=== DATA ===
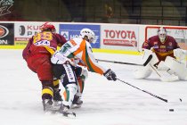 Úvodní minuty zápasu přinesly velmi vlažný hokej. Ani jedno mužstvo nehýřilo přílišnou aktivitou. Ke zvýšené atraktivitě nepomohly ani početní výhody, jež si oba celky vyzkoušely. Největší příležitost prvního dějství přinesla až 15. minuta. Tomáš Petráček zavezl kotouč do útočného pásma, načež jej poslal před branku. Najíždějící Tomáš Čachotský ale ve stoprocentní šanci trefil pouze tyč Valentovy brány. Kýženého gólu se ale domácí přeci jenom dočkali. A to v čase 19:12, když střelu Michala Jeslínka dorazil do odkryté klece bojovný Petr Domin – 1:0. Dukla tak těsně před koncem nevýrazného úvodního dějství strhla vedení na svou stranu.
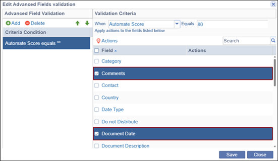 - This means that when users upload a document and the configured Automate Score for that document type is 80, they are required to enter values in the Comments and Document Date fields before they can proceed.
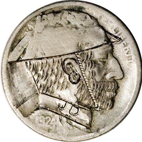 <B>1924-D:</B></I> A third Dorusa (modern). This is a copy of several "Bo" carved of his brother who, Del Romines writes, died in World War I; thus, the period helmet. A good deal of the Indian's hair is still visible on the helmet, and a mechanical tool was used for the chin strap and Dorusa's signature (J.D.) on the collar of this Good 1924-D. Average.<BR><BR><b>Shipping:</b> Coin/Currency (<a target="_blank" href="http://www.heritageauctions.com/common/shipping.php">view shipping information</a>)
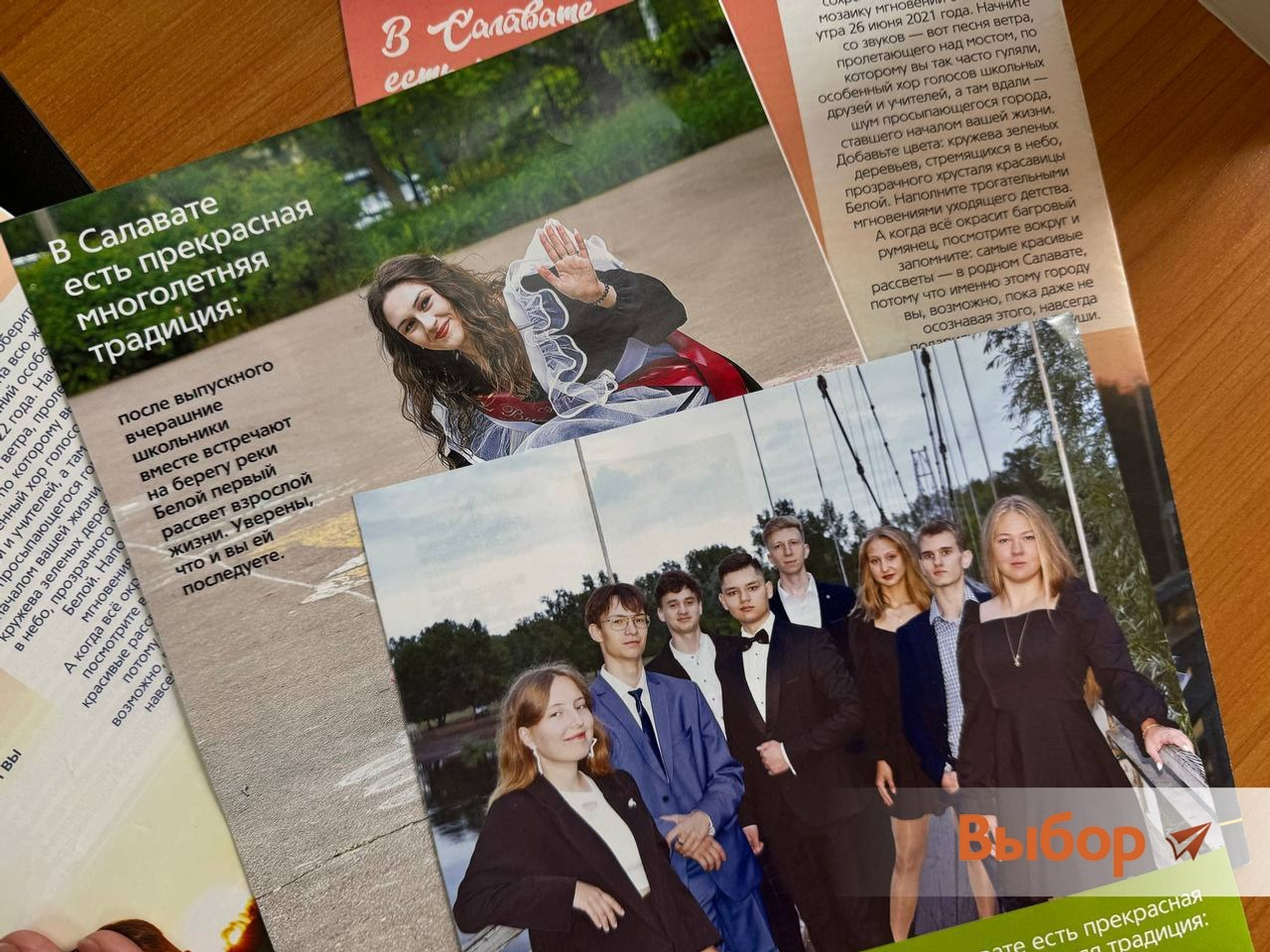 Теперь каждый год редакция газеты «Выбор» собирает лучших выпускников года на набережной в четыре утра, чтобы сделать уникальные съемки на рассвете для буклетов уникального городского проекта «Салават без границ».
==
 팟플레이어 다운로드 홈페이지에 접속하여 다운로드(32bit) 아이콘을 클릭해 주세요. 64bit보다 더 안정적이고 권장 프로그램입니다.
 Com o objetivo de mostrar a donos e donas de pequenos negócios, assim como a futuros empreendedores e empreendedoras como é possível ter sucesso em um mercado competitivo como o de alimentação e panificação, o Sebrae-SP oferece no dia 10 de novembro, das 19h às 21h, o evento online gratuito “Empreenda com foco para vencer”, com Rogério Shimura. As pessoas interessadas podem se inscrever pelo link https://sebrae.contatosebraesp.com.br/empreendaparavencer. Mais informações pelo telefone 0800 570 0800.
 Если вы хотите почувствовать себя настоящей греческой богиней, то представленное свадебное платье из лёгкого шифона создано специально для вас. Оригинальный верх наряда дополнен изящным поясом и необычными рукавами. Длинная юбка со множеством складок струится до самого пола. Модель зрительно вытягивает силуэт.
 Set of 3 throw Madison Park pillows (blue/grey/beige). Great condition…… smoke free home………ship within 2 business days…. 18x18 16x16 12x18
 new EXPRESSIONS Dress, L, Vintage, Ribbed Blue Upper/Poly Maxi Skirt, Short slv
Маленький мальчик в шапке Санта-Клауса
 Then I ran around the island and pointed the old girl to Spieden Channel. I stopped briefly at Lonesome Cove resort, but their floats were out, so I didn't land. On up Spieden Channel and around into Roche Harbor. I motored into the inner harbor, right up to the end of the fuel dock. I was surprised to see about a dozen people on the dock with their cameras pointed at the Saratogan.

=== EXERCISE ===
The range runs from the line above containing "Если вы хотите" to the line containing "Set of 3 throw", inclusive. Restate those lines word for word and no others.

=== RESPONSE ===
 Если вы хотите почувствовать себя настоящей греческой богиней, то представленное свадебное платье из лёгкого шифона создано специально для вас. Оригинальный верх наряда дополнен изящным поясом и необычными рукавами. Длинная юбка со множеством складок струится до самого пола. Модель зрительно вытягивает силуэт.
 Set of 3 throw Madison Park pillows (blue/grey/beige). Great condition…… smoke free home………ship within 2 business days…. 18x18 16x16 12x18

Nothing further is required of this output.